**PROBLEM STATEMENT:**
The entries that follow need to be reproduced exactly, minus any images.

**SOURCE MATERIAL:**
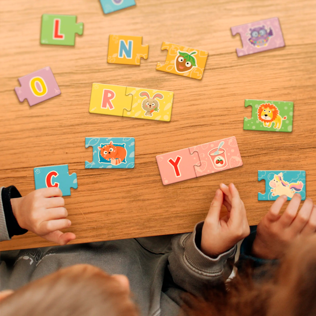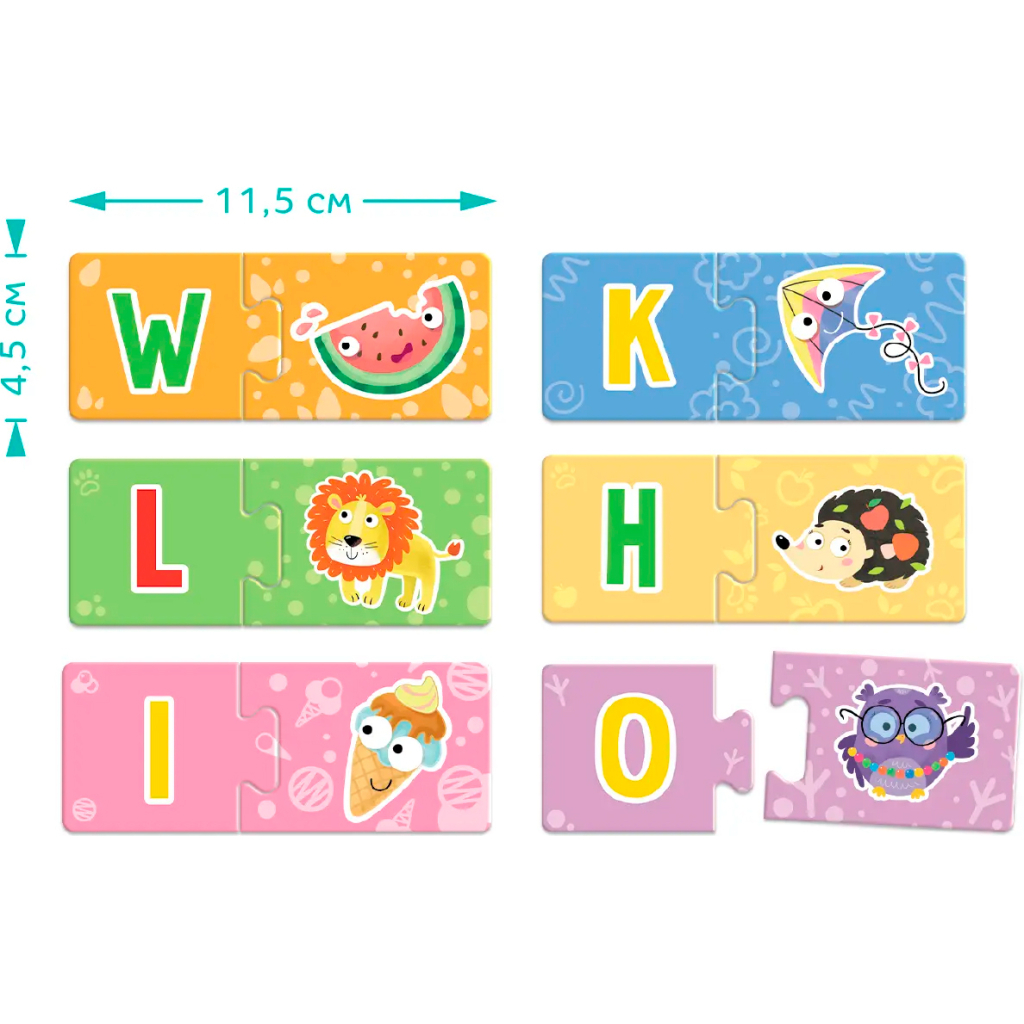 Цей навчальний набір складається з 26 карток, на кожній з яких представлено букву англійського алфавіту та відповідний образ. Пазли, що складаються з двох елементів, сприяють розвитку логічного мислення та моторики у дітей. Використання такого набору робить навчання більш інтерактивним і цікавим, що допомагає дітям швидше запам'ятовувати нову інформацію та розвивати мовні навички.
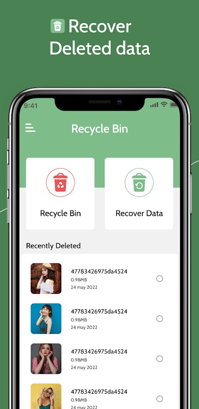 ری سائیکل بن ان تمام اقسام کی فائلوں کے لیے بازیافت کا آلہ ہے جو حال ہی میں یا ماضی میں حذف کی گئی ہیں۔ اس فائلز ریکوری ایپ کی مدد سے صارفین ڈیلیٹ کی گئی فائلوں کے بارے میں کبھی پریشان نہیں ہوں گے۔ اس ری سائیکل بن ایپ کو اپنے فون میں کمپیوٹر کے کوڑے دان کے خانے کے طور پر رکھیں، فائلیں حذف کریں، اور انہیں فوری طور پر بحال کریں۔
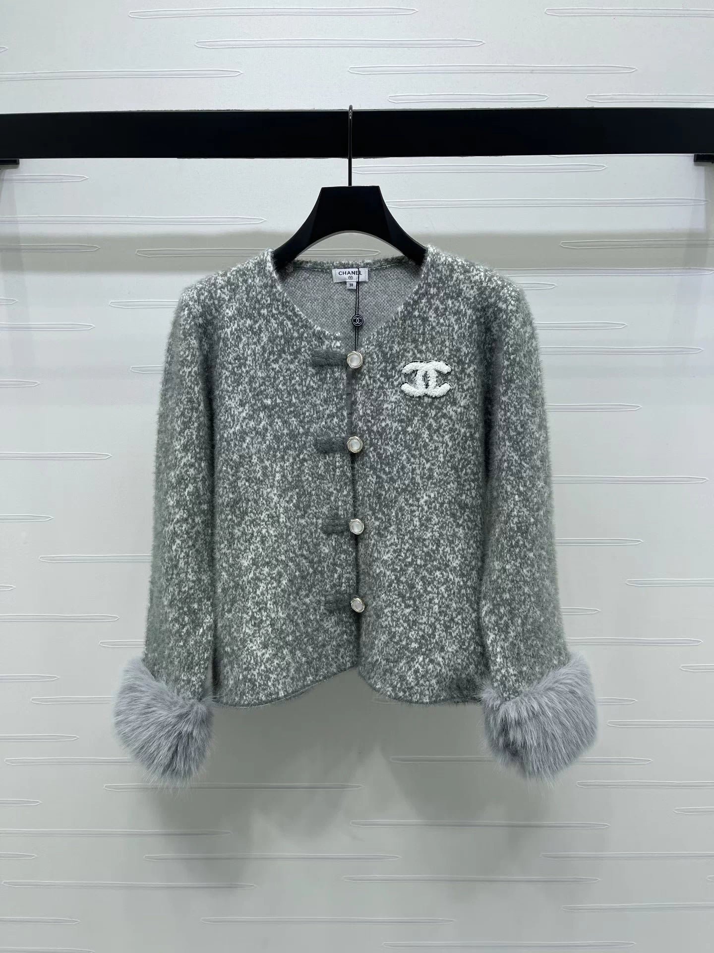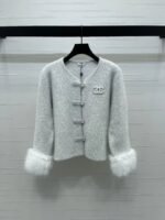 wool ➕ Made of mohair knit material, with a glossy texture and comfortable drape, straight cut, matched with moderate length, it creates a Chinese socialite effect. The color of the open button echoes, giving it a strong sense of weight. The detachable fur cuffs highlight the design and exude a fashionable temperament
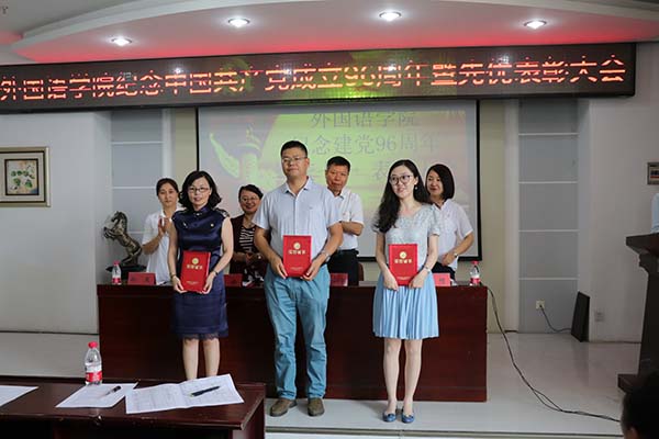 为纪念中国共产党成立96周年,继承和发扬党的优良传统和作风,提高党员同志们的服务意识,营造拼搏进取、创先争优的浓厚氛围。6月28日下午,外国语学院在文博楼1019会议室召开了学院2015—2017年度先优表彰大会暨庆“七一”毛泽东诗文朗诵比赛。外国语学院院长王丹、党委书记杨滨章、副院长孙爽、党委副书记、副院长李想、全体教工及部分学生党员参加了本次活动。活动由院党委副书记、副院长李想同志主持。
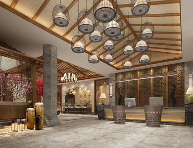 Z05-0621东南亚新中式酒店会所大堂大厅前台接待鸟笼吊灯花格罐子
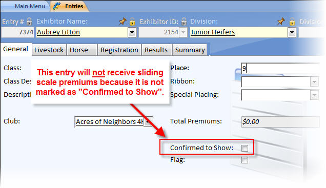 will not receive a premium because it does not match having the Sub-Class value of "Youth". Either change the premium rule's Sub-Class value to "<all>" or change the entrie's Sub-Class value to "Youth". If the Sub-Class field is not visible, right-click in any record and choose "Hide/Show Columns" or if this is not available, click the Customize Layout link in the lower left and make the field visible.
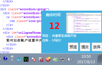 当工时通客户端截图并准备发送到服务器时,会弹出一个倒计时提醒。用户可以选择提交,放弃,或预览。
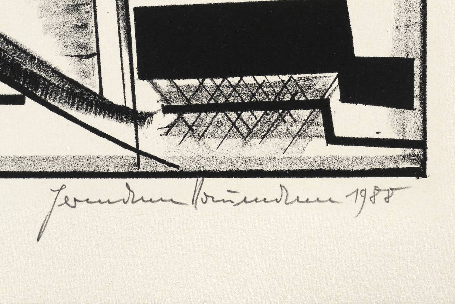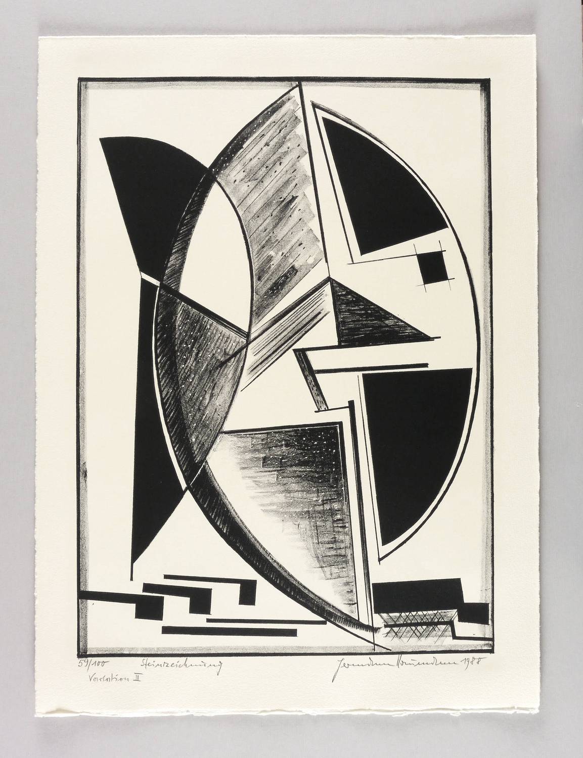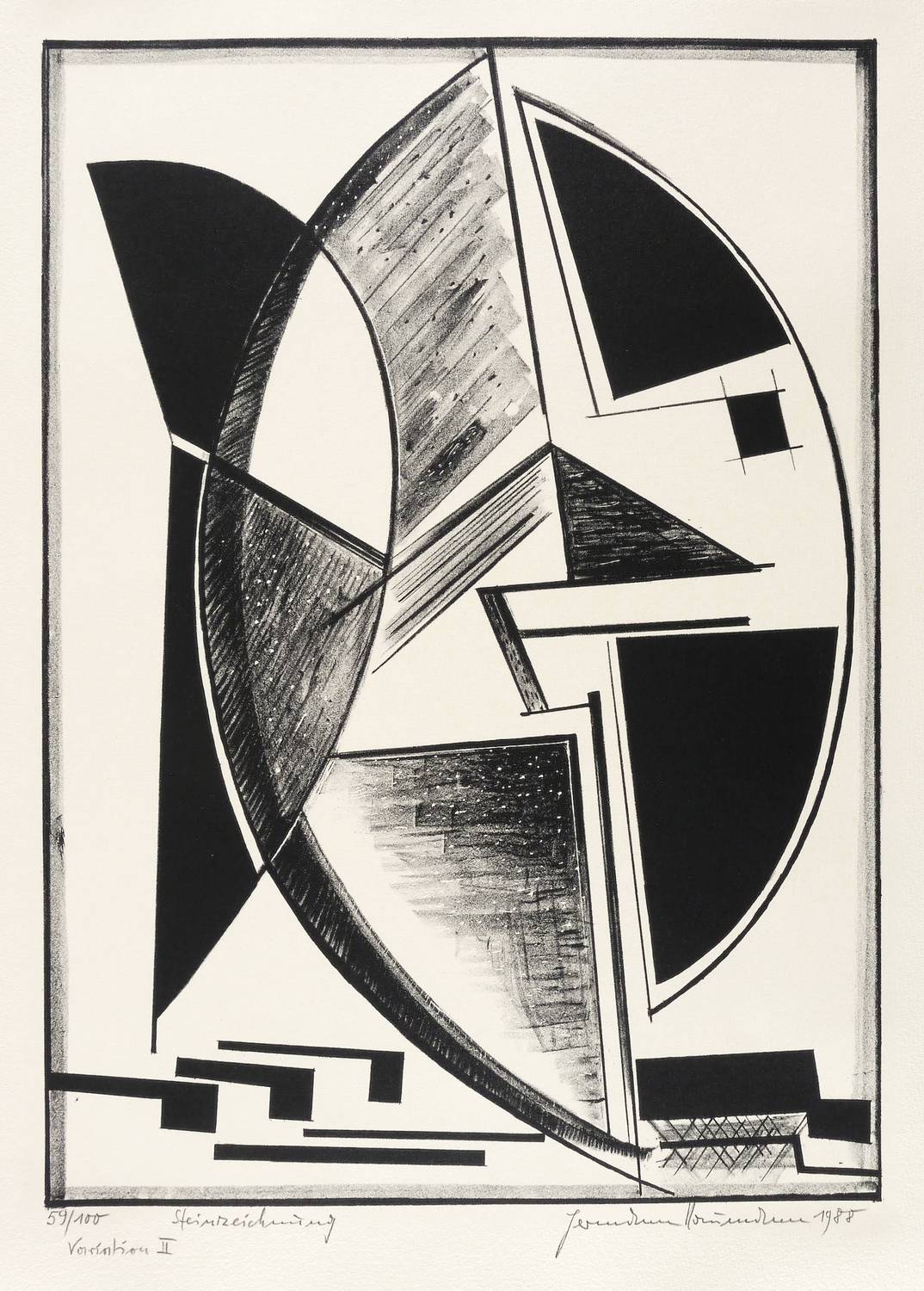 Aus: Hermann Naumann, Ich atme mächtige Züge des Raumes ein. Grafik-Edition XXXI (Leipzig: Reclam 1990). – Rechts unten in Bleistift signiert und datiert: ″Hermann Naumann 1988″. Links Auflagen- und Technikbezeichnung: ″59/100 // Steindruck″. Dazu Titel: ″Variation II″. – Tadellos erhalten. Sehr guter Zustand.
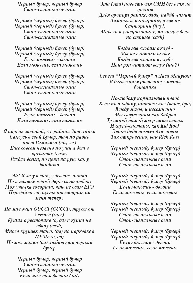Содержание и текст песни DAVA, SERYOGA «Чёрный бумер»
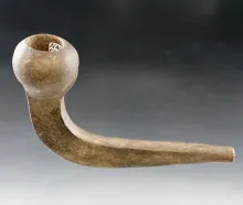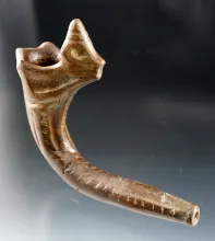 4 5/8" Long beautifully styled Horned Owl Effigy Iroquois Clay Pipe found in New York. |
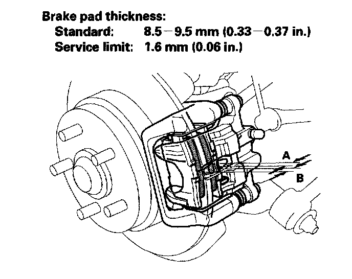 2. Check the thickness of the inner pad (A) and outer pad (B). Do not include the thickness of the backing plate.
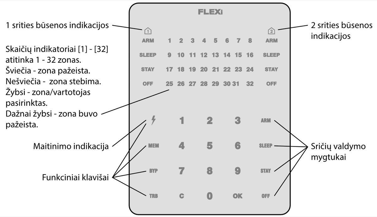 Kai signalizacija išjungta, turi šviesti indikatorius OFF, o saugojimo režimų indikatoriai turi nešviesti.
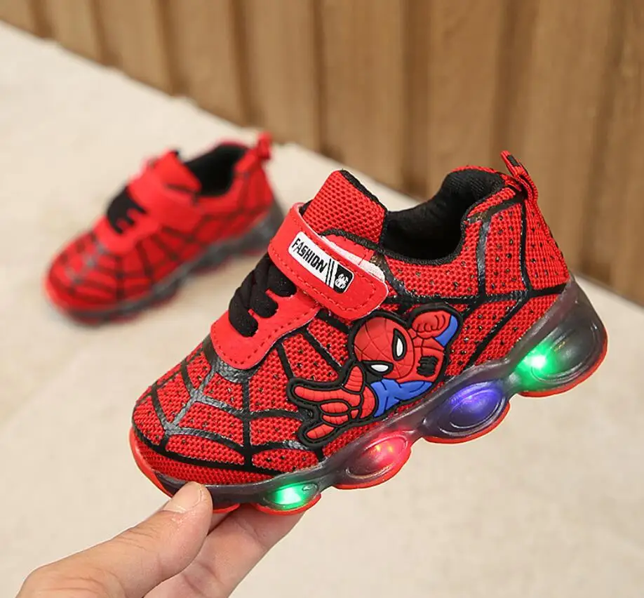 Led luminous Spiderman Kids Shoes for boys girls Light Children Luminous baby Sneakers mesh sport Boy Girl Led Light Shoes :Click Here
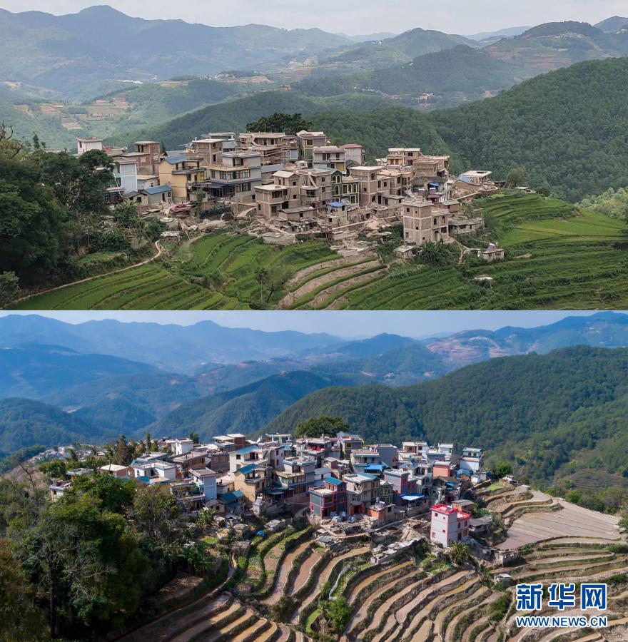 拼版照片,上图为2019年6月拍摄的补干村委会南哈上寨正在改造的村民房屋(吴志宏手机中照片);下图为2021年2月4日拍摄的补干村委会南哈上寨房屋(无人机照片,新华社记者 陈欣波 摄)。新华社发
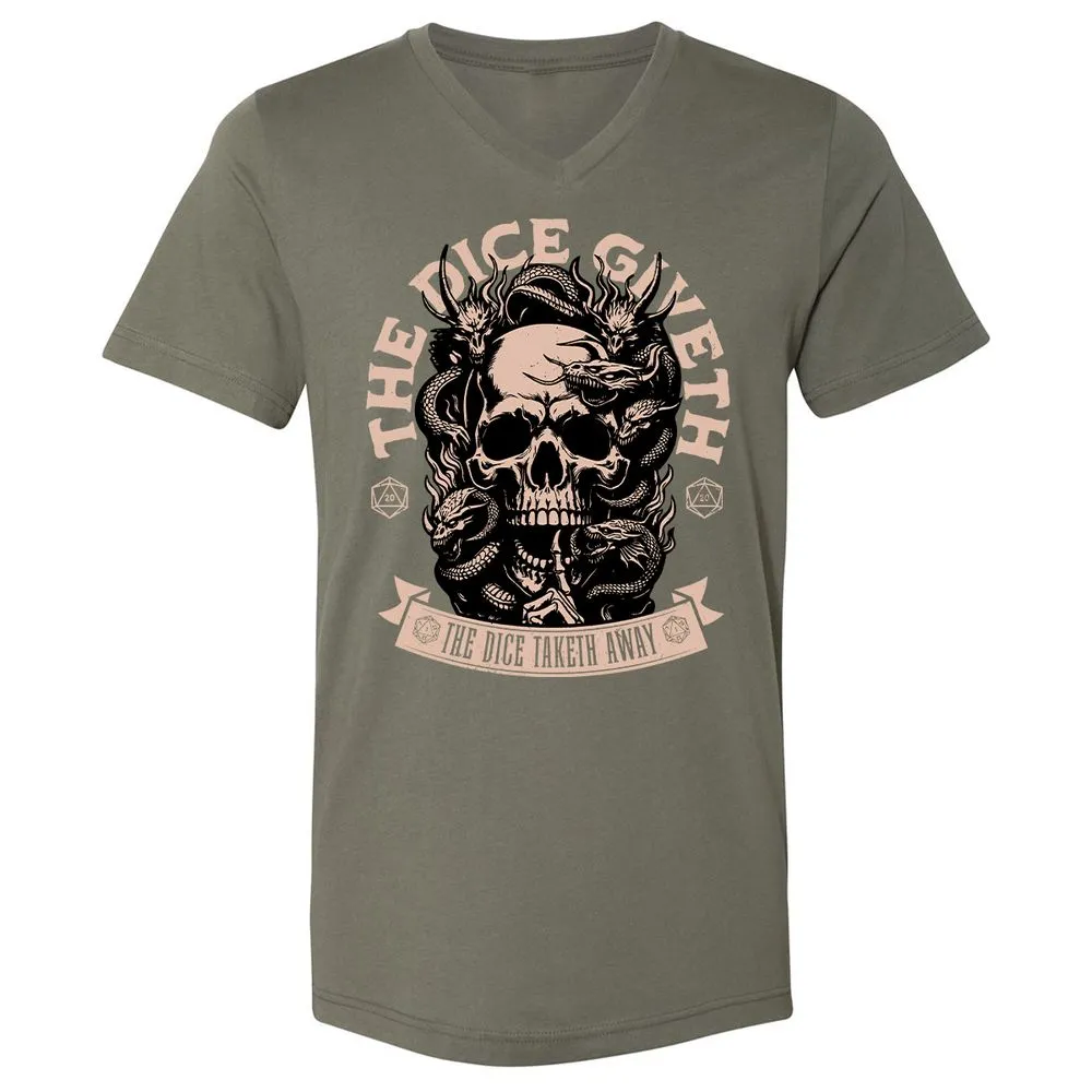 The Dice Giveth The Dice Taketh Away Unisex V-Neck T-Shirt - Military Green - 10

**TASK OUTPUT:**
 Цей навчальний набір складається з 26 карток, на кожній з яких представлено букву англійського алфавіту та відповідний образ. Пазли, що складаються з двох елементів, сприяють розвитку логічного мислення та моторики у дітей. Використання такого набору робить навчання більш інтерактивним і цікавим, що допомагає дітям швидше запам'ятовувати нову інформацію та розвивати мовні навички.
 ری سائیکل بن ان تمام اقسام کی فائلوں کے لیے بازیافت کا آلہ ہے جو حال ہی میں یا ماضی میں حذف کی گئی ہیں۔ اس فائلز ریکوری ایپ کی مدد سے صارفین ڈیلیٹ کی گئی فائلوں کے بارے میں کبھی پریشان نہیں ہوں گے۔ اس ری سائیکل بن ایپ کو اپنے فون میں کمپیوٹر کے کوڑے دان کے خانے کے طور پر رکھیں، فائلیں حذف کریں، اور انہیں فوری طور پر بحال کریں۔
 wool ➕ Made of mohair knit material, with a glossy texture and comfortable drape, straight cut, matched with moderate length, it creates a Chinese socialite effect. The color of the open button echoes, giving it a strong sense of weight. The detachable fur cuffs highlight the design and exude a fashionable temperament
 为纪念中国共产党成立96周年,继承和发扬党的优良传统和作风,提高党员同志们的服务意识,营造拼搏进取、创先争优的浓厚氛围。6月28日下午,外国语学院在文博楼1019会议室召开了学院2015—2017年度先优表彰大会暨庆“七一”毛泽东诗文朗诵比赛。外国语学院院长王丹、党委书记杨滨章、副院长孙爽、党委副书记、副院长李想、全体教工及部分学生党员参加了本次活动。活动由院党委副书记、副院长李想同志主持。
 Z05-0621东南亚新中式酒店会所大堂大厅前台接待鸟笼吊灯花格罐子
 will not receive a premium because it does not match having the Sub-Class value of "Youth". Either change the premium rule's Sub-Class value to "<all>" or change the entrie's Sub-Class value to "Youth". If the Sub-Class field is not visible, right-click in any record and choose "Hide/Show Columns" or if this is not available, click the Customize Layout link in the lower left and make the field visible.
 当工时通客户端截图并准备发送到服务器时,会弹出一个倒计时提醒。用户可以选择提交,放弃,或预览。
 Aus: Hermann Naumann, Ich atme mächtige Züge des Raumes ein. Grafik-Edition XXXI (Leipzig: Reclam 1990). – Rechts unten in Bleistift signiert und datiert: ″Hermann Naumann 1988″. Links Auflagen- und Technikbezeichnung: ″59/100 // Steindruck″. Dazu Titel: ″Variation II″. – Tadellos erhalten. Sehr guter Zustand.
Содержание и текст песни DAVA, SERYOGA «Чёрный бумер»
 4 5/8" Long beautifully styled Horned Owl Effigy Iroquois Clay Pipe found in New York. |
 2. Check the thickness of the inner pad (A) and outer pad (B). Do not include the thickness of the backing plate.
 Kai signalizacija išjungta, turi šviesti indikatorius OFF, o saugojimo režimų indikatoriai turi nešviesti.
 Led luminous Spiderman Kids Shoes for boys girls Light Children Luminous baby Sneakers mesh sport Boy Girl Led Light Shoes :Click Here
 拼版照片,上图为2019年6月拍摄的补干村委会南哈上寨正在改造的村民房屋(吴志宏手机中照片);下图为2021年2月4日拍摄的补干村委会南哈上寨房屋(无人机照片,新华社记者 陈欣波 摄)。新华社发
 The Dice Giveth The Dice Taketh Away Unisex V-Neck T-Shirt - Military Green - 10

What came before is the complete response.